FS#57949 - [grub] ships non-trivial and incorrect grub.cfg

Attached to Project: Arch Linux
Opened by Eli Schwartz (eschwartz) - Sunday, 25 March 2018, 12:36 GMT
Last edited by Christian Hesse (eworm) - Tuesday, 27 November 2018, 21:52 GMT
Task Type Bug Report
Category Packages: Core
Status Closed
Assigned To Ronald van Haren (pressh)
Christian Hesse (eworm)
Architecture All
Severity Low
Priority Normal
Reported Version
Due in Version Undecided
Due Date Undecided
Percent Complete 100%
Votes 1
Private No

Details

The grub 2 package installs a /boot/grub/grub.cfg file that seems to have maybe been generated on the then-packager's machine, and is completely unfit for any and all use. (Directing grub to boot a nonexistent UUID obviously does not work). The justification seems to be that it is "needed in order to create a backup entry" but this is simply untrue as many packages do not install a backup entry for configuration files the user is supposed to create themselves...

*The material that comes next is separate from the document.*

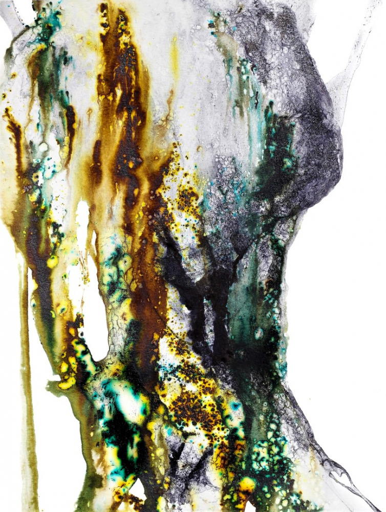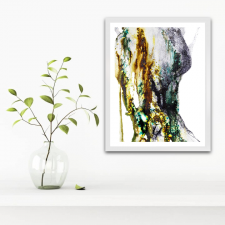 These abstract shapes have a feminine touch, shapes, fluidity. If you look deep enough you may spot a female shape or just feel her energy. A mixture of black ink and walnut-based pigments creates a three-dimensional figure.

It then compounds the problem by performing configuration for the user that will never be used and does not add any utility, storing the results of a trivial automated script in a grub.cfg.example file when the user is *quite* capable of running the same script by hand after reading the excellent documentation.

Also if one has a grub.cfg they created themselves prior to installing grub, and also had a .pacsave file (seems like an odd case but I can imagine it happening when cloning a disk and deciding to switch *back* to grub after it was previously used) it will overwrite that configuration and not even clean up the .pacsave afterwards. I'm not aware of any other packages which attempt to restore pacsave files on their own, and for good reason....
This seems needlessly convoluted as a workaround for pacman creating pacsave files due to a conf file that should never have been packaged in the first place...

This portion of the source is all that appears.